● **TASK TO COMPLETE**: Nothing but the lines below from the one with "a monkey mascot" through the one with "وتخلل الحفل عمل" should be output, each exactly as given, and no pictures.

+++++

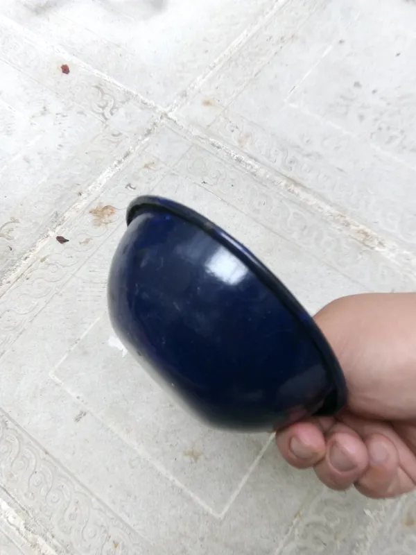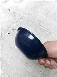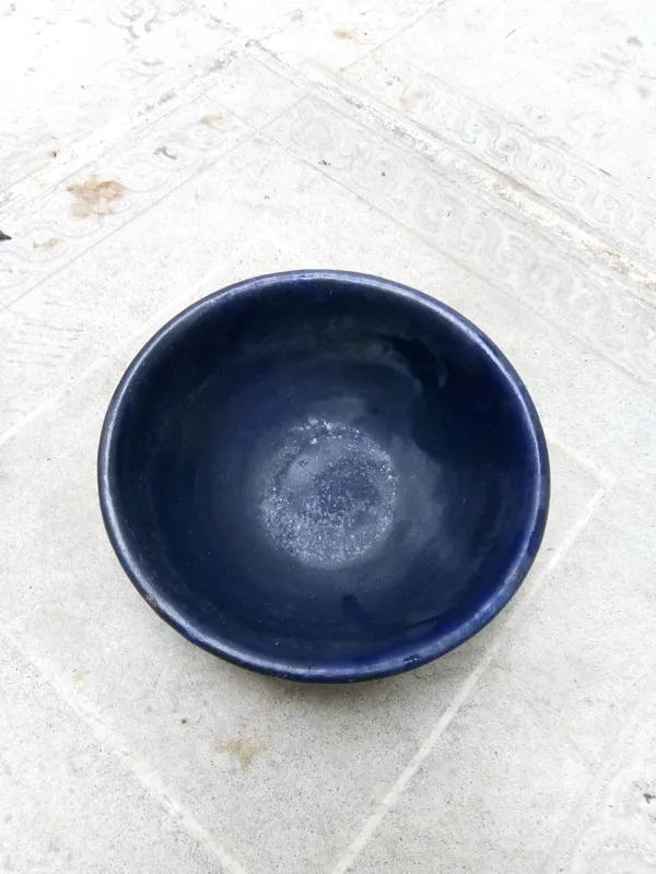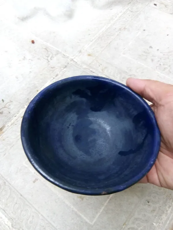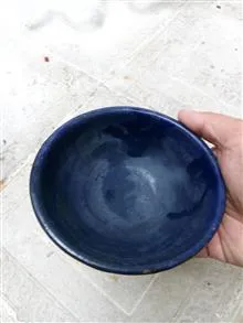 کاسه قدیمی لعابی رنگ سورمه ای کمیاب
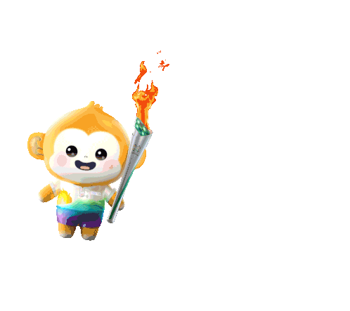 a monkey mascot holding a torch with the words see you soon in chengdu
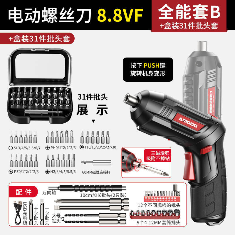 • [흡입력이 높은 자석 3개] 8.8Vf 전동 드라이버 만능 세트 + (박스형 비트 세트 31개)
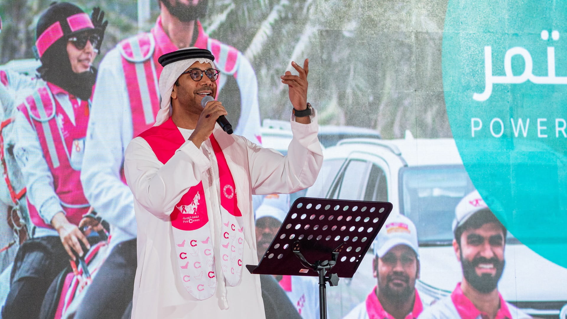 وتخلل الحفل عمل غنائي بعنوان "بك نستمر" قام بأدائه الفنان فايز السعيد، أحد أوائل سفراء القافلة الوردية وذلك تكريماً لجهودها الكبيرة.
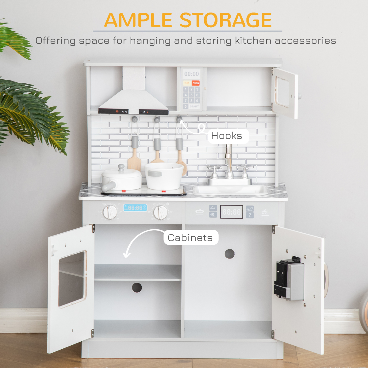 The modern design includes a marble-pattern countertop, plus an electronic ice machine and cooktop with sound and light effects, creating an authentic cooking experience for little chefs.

+++++

● **SOLUTION TO THIS EXERCISE**:
 a monkey mascot holding a torch with the words see you soon in chengdu
 • [흡입력이 높은 자석 3개] 8.8Vf 전동 드라이버 만능 세트 + (박스형 비트 세트 31개)
 وتخلل الحفل عمل غنائي بعنوان "بك نستمر" قام بأدائه الفنان فايز السعيد، أحد أوائل سفراء القافلة الوردية وذلك تكريماً لجهودها الكبيرة.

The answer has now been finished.